Las marcas de ropa apuestan al e-commerce
Negocios

Las marcas de ropa apuestan al e-commerce

El 19 por ciento de las pymes del rubro de indumentaria y accesorios apuesta al canal electrónico para potenciar el negocio. En el último año, el sector evidenció una suba del 37%, que representa ventas por $ 440 millones. 

28 de Junio 2013




Con unos 500 locales, en los Estados Unidos y Europa, 3.000 empleados y una facturación anual de u$s 3.400 millones, la cadena de indumentaria Forever 21 demostró que el hecho de ser grande no era incentivo suficiente para limitar otras búsquedas que permitieran extender su negocio. Desde su sitio web, actualiza regularmente sus colecciones y suma ofertas temporales, motivadas, en ocasiones, por fechas como el Día del Veterano de Guerra, el Día de San Valentín o el Día de la Madre. Forever 21 basó su crecimiento en una fórmula tan sencilla como efectiva: vender mucho y barato (cada prenda cuesta, en promedio, de u$s 16 y el 60% de su producción se fabrica en China).

Con todo, a pesar de no tener presencia en la plaza local, ya conquistó a las mujeres argentinas, especialmente, al segmento sub 30. “Cada vez que viajo por trabajo, mis tres hijas me encargan ropa. Hacen la compra desde la Argentina, a través de la web, pagan con tarjeta de crédito y piden que el envío llegue al hotel en el que me voy a hospedar”, comenta en off the record un ejecutivo argentino de una firma tecnológica, quien agrega: “Me sorprende que sean tan pocas las empresas de indumentaria vernáculas que tengan desarrollado su canal de venta online”. El potencial para ellas sería enorme.

Hoy, apenas el 19% de las empresas argentinas de moda tiene desarrollado el comercio electrónico, concede Silvia Garea, presidenta de Asociación Internacional de Estudios (AIE), un centro habilitado por la universidad de Londres, que el año pasado dictó varios seminarios sobre el fashion business. En 2012, un estudio de la consultora especializada Prince & Cooke, para la Cámara Argentina de Comercio Electrónico (CACE), reveló un crecimiento del comercio online del 44%, un incremento por encima del esperado, del 41%, alcanzando ventas por $ 16.700.

marca_crop_1344375079307.jpg
En alza. El sector experimentó una suba del 37 por ciento durante el año pasado.

El rubro de indumentaria de vestir y deportiva creció un 37,5%, respecto al año anterior, obteniendo un volumen de ventas por $ 440 millones, notablemente superior al de 2009, que era de $ 150 millones. Un ejemplo es la centenaria Grimoldi que, en 2011, se volcó al comercio electrónico, tras una inversión de $ 500.000. “Empezamos vendiendo 30 pares mensuales en abril de 2011; ahora, alcanzamos el nivel de ventas de una sucursal de tamaño medio”, comenta Germán Schönfeld, gerente de E-commerce de Grimoldi. Para este año, la firma zapatera espera llegar a los $ 8 millones de facturación en el canal online.

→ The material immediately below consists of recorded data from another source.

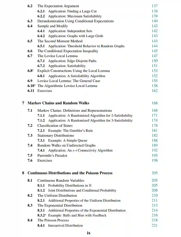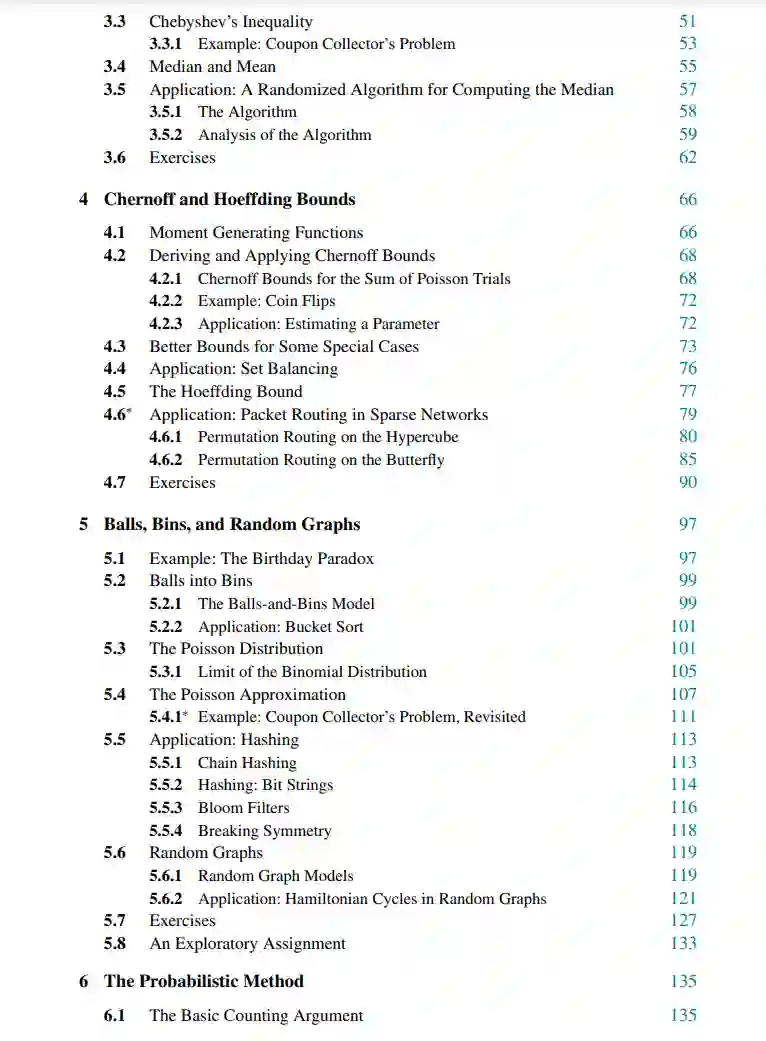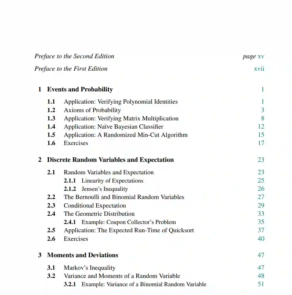 概率与计算:算法和数据分析中的随机化和概率性技术 本版大幅扩充,仅需要离散数学的基础知识即可,为现代计算机科学中随机化和概率性技术的作用提供了全面的介绍。新增章节和部分涵盖了正态分布、样本复杂性、VC维度、Rademacher复杂性、幂律及相关分布、布谷鸟哈希(Cuckoo Hashing)以及Lovasz局部引理等主题。与机器学习和大数据分析相关的材料使学生能够学习现代技术和应用。其中众多的新练习和示例包括与编程相关的练习,为学生解决相关问题提供了极佳的培训。本书为计算机科学和应用数学高级本科生一学期或两学期课程提供了不可或缺的教学工具。 内容 第1章 事件与概率 第2章 离散随机变量与期望值 第3章 矩与偏差 第4章 Chernoff界与Hoeffding界 第5章 球、箱与随机图 第6章 概率性方法 第7章 马尔可夫链与随机游走 第8章 连续分布与泊松过程 第9章 正态分布 第10章 熵、随机性与信息 第11章 蒙特卡洛方法 第12章 马尔可夫链的耦合 第13章 鞅(Martingales) 第14章 样本复杂性、VC维度与Rademacher复杂性 第15章 两两独立与通用哈希函数 第16章 幂律与相关分布 第17章 平衡分配与布谷鸟哈希
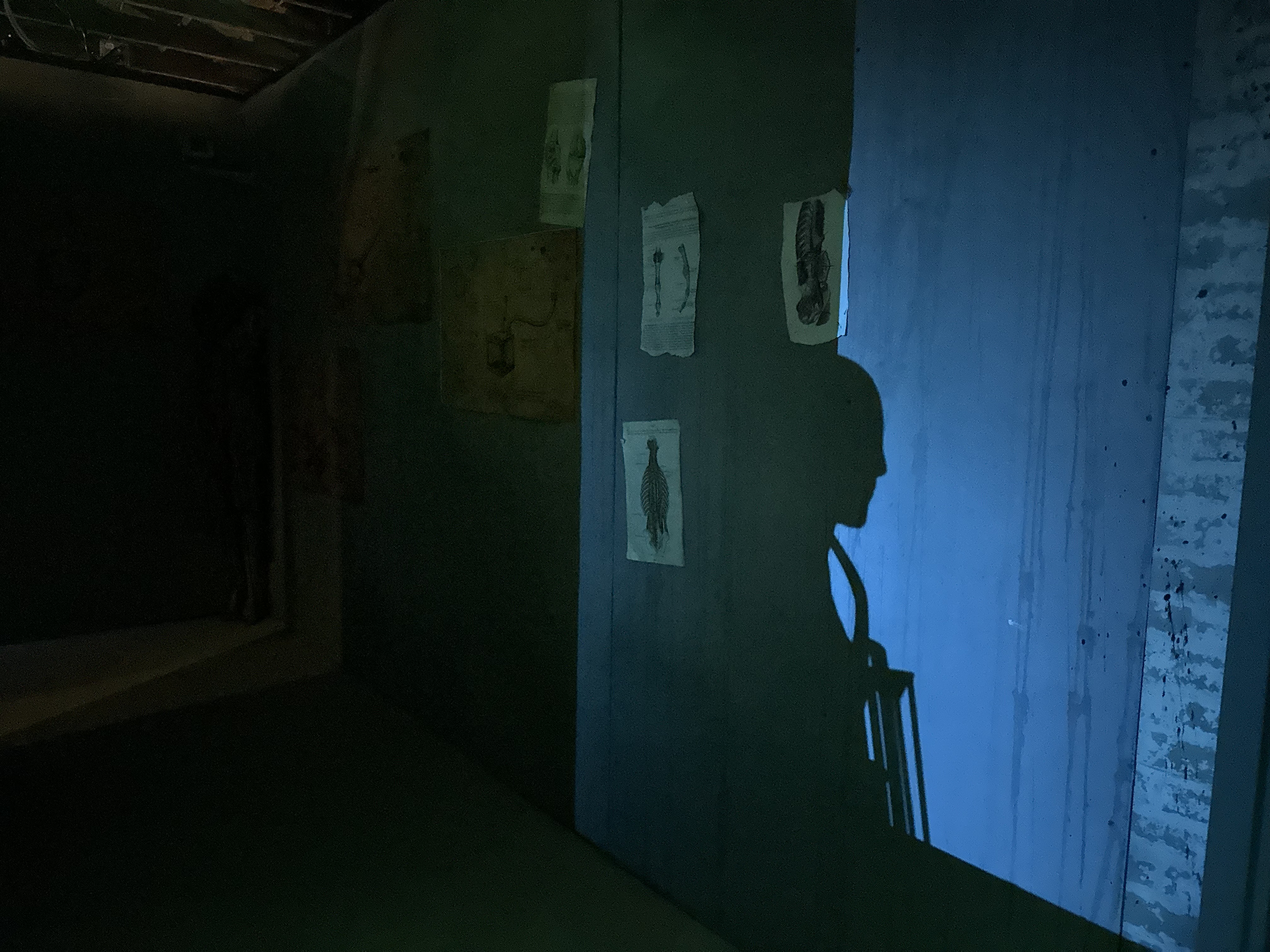 For Saw, especially in New Jersey, I was personally responsible for a lot of the scenic paint work, handwriting, and blood.
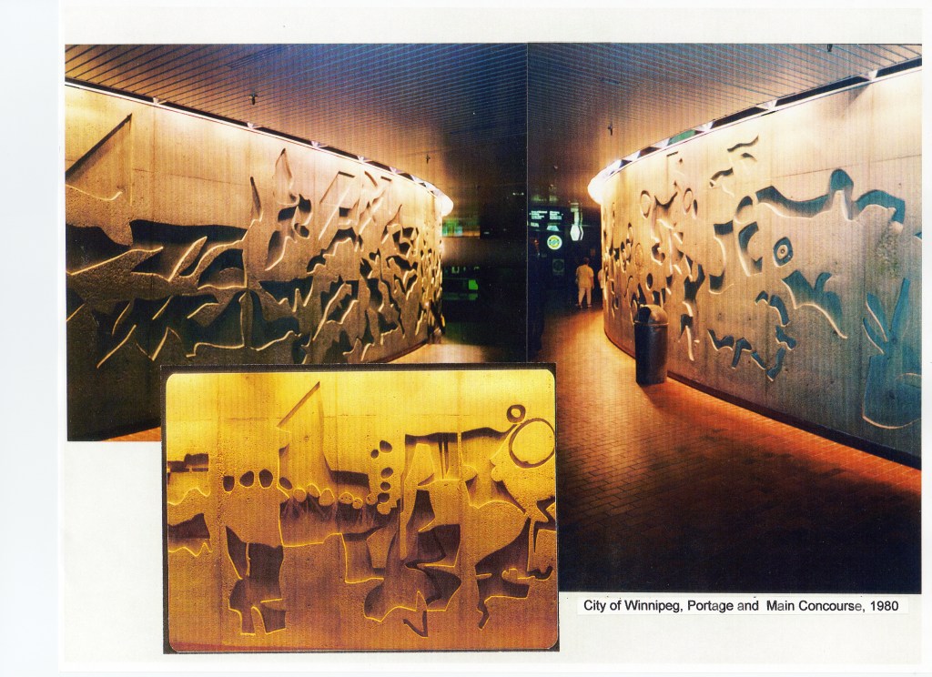 Aside from the concourse wall, perhaps his most easily-spotted public works can be seen in the lobby of the Woodsworth Building and the Manitoba Hydro lobby in downtown Winnipeg.
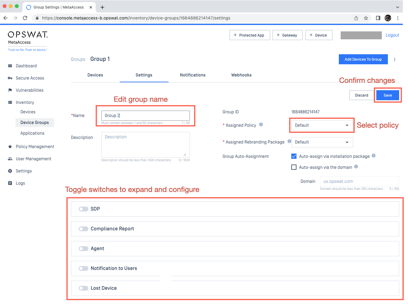 - Click on the group you would like to update to access the device group details, then click on the Settings tab.
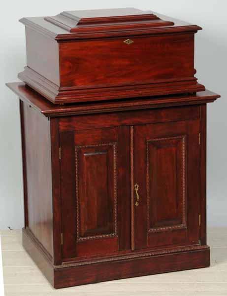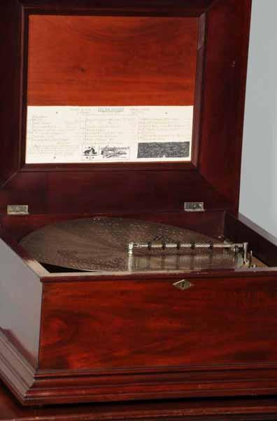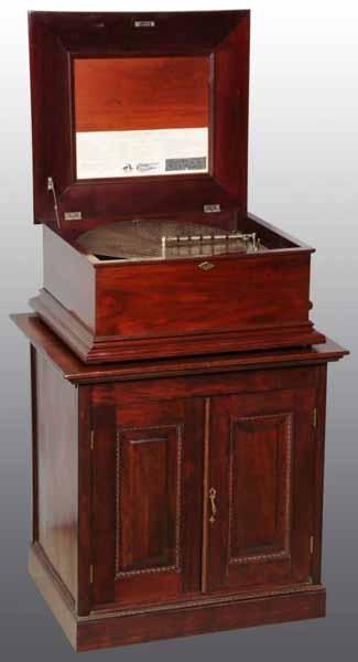 Description Nice mahogany case with 22 discs. Working. Condition (Good). Size 18 - 1/2".
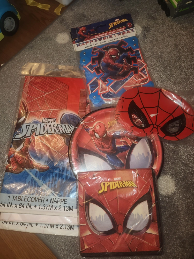 10Get ready to celebrate with this Marvel Spiderman party supply set! It includes 7 pieces A tablecloth (54 in x 84 in / 1.37m x 2.13m) 2.- A Happy Birthday banner (6.4 ft / 1.95m long) - Plates and napkins featuring Spiderman - Spiderman masks Perfect for a Spiderman-themed birthday party!
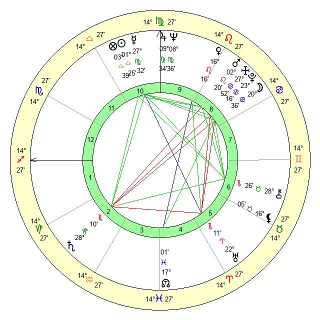 | Mars | 2 Leo 20 | 1 Scorpio 36 | 16 Virgo 43 |
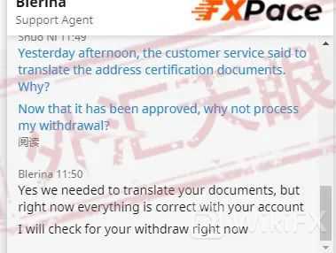 一开始FXPace客服先是跟倪先生不断进行地址确认,拖延了一段时间后才审核通过。再然后就是继续拖延了几个星期出金申请也没有被受理,询问客服得到的回答就是出金不归他们管。
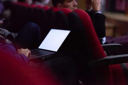 Business people hands typing on laptop computer keyboard during the seminar at conference room
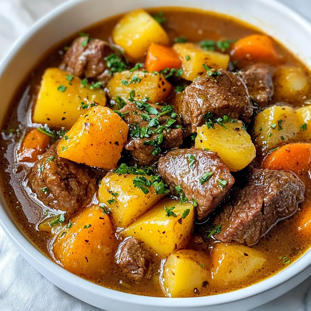 - Taste and adjust seasoning if necessary. Ladle the stew into bowls and garnish with fresh chopped parsley.
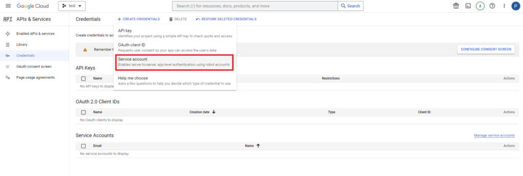- Click on Credentials from the left window then click on Create Credentials and choose service account.
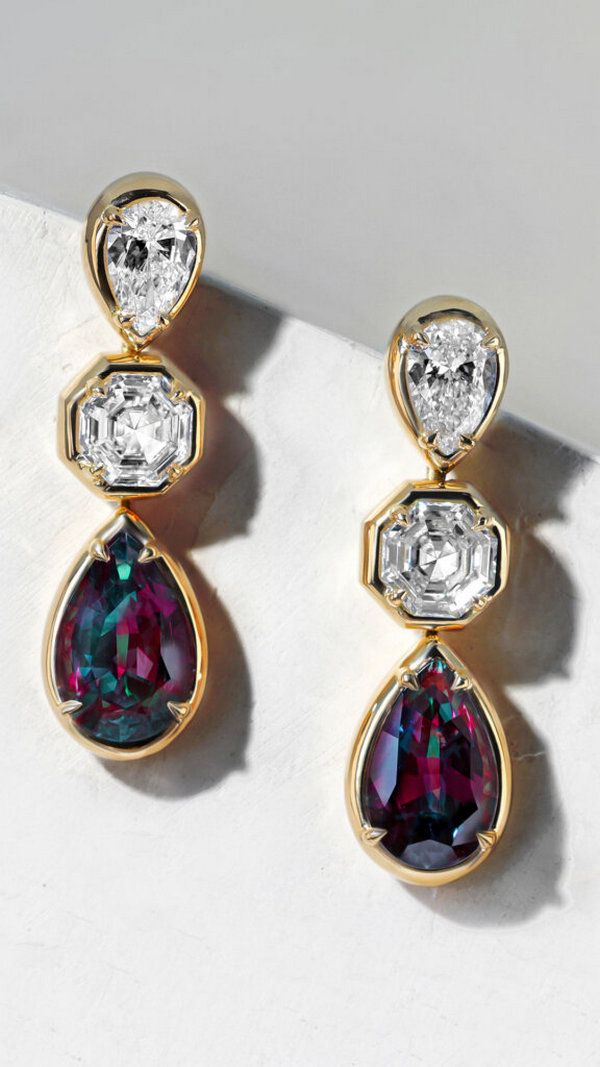 Феноменальные, меняющие цвет александриты остаются отличительной чертой бренда, однако коллекции также подчеркивают яркие оттенки турмалинов параиба, сапфиров, рубинов и изумрудов, а также завораживающее сияние лунных камней, с акцентами бриллиантов, мерцающих на полированном металле.

La tardía adopción en el mercado local se identifica más con una cuestión cultural (el miedo de los usuarios a compartir datos personales, por caso) que de costos, ya que montar un carro de compras requiere una inversión que puede arrancar en $ 15.000, sostienen los entrevistados consultados. Y de ahí, en adelante, según el objetivo propuesto y el desarrollo que se busque.

No obstante, no se trata de tomar una decisión a la ligera, ya que requiere un análisis integral. De no hacerlo, se puede caer en errores, como el que llevó a la marroquinería Lázaro a cerrar el canal online al año de haberlo lanzado. “Esa primera experiencia nos ayudó a identificar fortalezas y debilidades”, confiesa Martín Massun, CEO de la firma que tiene 13 locales. “Habíamos encarado el proyecto con un desarrollo propio de software, trabajando la logística y los medios de pago directamente. Invertimos poco y quedaba supeditado su incremento a ver el resultado de la operación. Poca inversión dio bajos resultados y poco incentivo para seguir adelante”, analiza.

Hoy, la firma, que espera incrementar su facturación en un 25% este año, afila los detalles para relanzar el sitio, un proyecto en el que viene trabajando hace cuatro meses, junto a un socio. “Planeamos que entre el 5% y el 10% de las ventas se canalicen por esta vía”, dice Massun. “Basamos el contrato de servicios con el proveedor de e-commerce en un ‘revenue share model’; la principal inversión será el plan de comunicación para darle flujo de público al sitio que, de aquí a fin de año, será de $ 100.000”, agrega.

El partner elegido por Lázaro es Fotter, el emprendimiento que lidera Javier Vidaguren, quien espera cerrar 2013 con una facturación de $ 14 millones. La firma tiene dos patas de negocio: por un lado, una plataforma electrónica, donde vende calzado y accesorios de moda de terceros y, por el otro, la oferta de servicios tecnológicos y logísticos para marcas del rubro de zapaterías y carteras. “Montamos el sitio y lo operamos integralmente: ‘stockeamos’ el producto, sacamos las fotos, atendemos a los de clientes”, comenta Vidaguren.

Fotter se lanzó en abril de 2010. “Veíamos que, en Europa y los Estados Unidos, el e-commerce de moda despegaba violentamente”, agrega. En su web, ofrece productos de 88 marcas y atiende 3.000 pedidos mensuales. Por día, se suben entre 100 y 120 artículos nuevos. “Si tenés tu sitio online, de alguna forma, estás arriba de la ola. Pero el desafío es manejar la operación una vez que estás en la web”, dice.

Teclado_-_Key_-_IMG_crop_1349793183707.jpg
Datos. Hoy, apenas el 19% de las empresas argentinas de moda tiene desarrollado el comercio electrónico.

Son muchos los puntos a analizar antes de poner en práctica este canal: “Stock, precios, cuotas con tarjetas de crédito, promociones, envíos, packaging y que el uso de la página sea amigable con el cliente, principalmente”, enumera Ruth Colia, responsable de Marketing Online de Topola, a cargo de Top 3, que, a pesar de ya tener 16 locales propios y dos franquicias, implementó el e-commerce a fin de 2012. “Y desarrollar una dinámica que no afecte el funcionamiento de los puntos de venta. Una de las características de un store online es el envío en tiempo y forma de las compras”, agrega Verónica de Miero, fundadora y dueña de Seco Rainwear. El 10% de las ventas de la firma, que tiene dos locales (Palermo y Unicenter) y emplea a 15 personas, se realizan a través del canal online.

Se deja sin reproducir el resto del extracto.